At 5:15 p.m., my new midwife (as I’d “outlived” Heather’s shift) John informed me that I was officially dilated 10cm. For two hours we waited as my body moved the baby down the birth canal on its own. During this time, he was on a different floor checking another patient and called my room to tell me to open my blinds and see the rainbow that had appeared outside our window. Forget yesterday. THIS was an excellent night to have a baby.

At 7:30 p.m. I began pushing.

The experience of pushing was intense. It was so difficult. I pushed for 30 seconds every three minutes. Nicholas counted seconds for me as I pushed. I threw up from working so hard. I pooped and the nurses quietly swept in and cleaned up. I was put on oxygen to keep from passing out.

After two hours, John told me that I had an unusually strong pelvic floor. Yay! Which was making it hard for the baby to get past my pubic bone. Boo.

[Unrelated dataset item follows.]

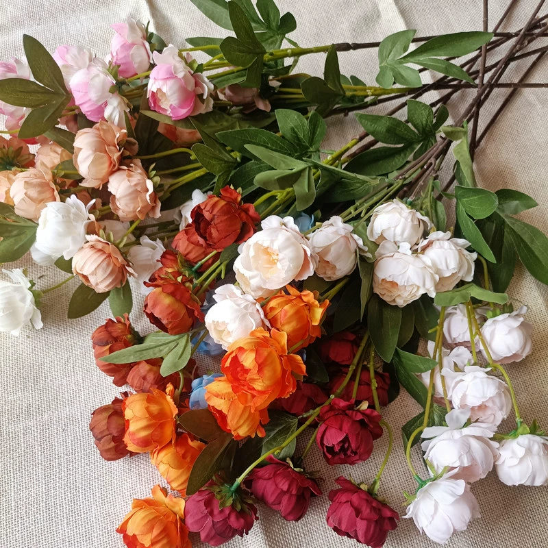 Pretty Ranunculus: Artificial ranunculus made of faux silk, featuring vibrant colors and multiple layers of petals for a rich, realistic look.

Some nurses came in and took some blood in case I needed a C-section.

John told me I had two more hours of pushing before another strategy had to be employed.

I pushed and pushed and pushed. It felt like my head would explode.

Finally, at 11:30 p.m., after 48 hours of labor and four hours of pushing, a doctor came in and informed me that we should try a vacuum extraction. However, if we pushed three times with the vacuum and the baby wasn’t born, it would lead to an immediate emergency C-section.

So, I had three tries.

I only needed one. I was fine with getting the baby out by any means necessary, but I was also stubborn and refused to have wasted FORTY EIGHT hours of labor all for a C-section.

She put the vacuum on, pulled one time, his (enormous) head finally came out, and I pushed the rest of him out on my own. Halfway through, she told me to look down, and I watched my son’s (seemingly never ending) body come out of me.

Josiah

Josiah James Leeman was born at 11:53 p.m. on September 20, 2014; 48 hours and 23 minutes after labor began.

Nicholas and I laughed and cried and held our son as he cried and shivered and opened his huge, steel colored eyes for the first time. He weighed 9 lbs 6 oz, he was 22 inches long and had a 14 cm head.

Nicholas cut his umbilical chord, and he curled up on my chest.

It was the most exhausted and elated moment of my life.

I immediately requested a turkey sandwich.

My birth plan was very different from what ultimately became my birth story. It was the first of many times I would learn that planning for anything with a child is the road to insanity. But it also taught me that I can do anything. And that was something that I didn’t believe before September 20, 2014. I have my son to thank for that.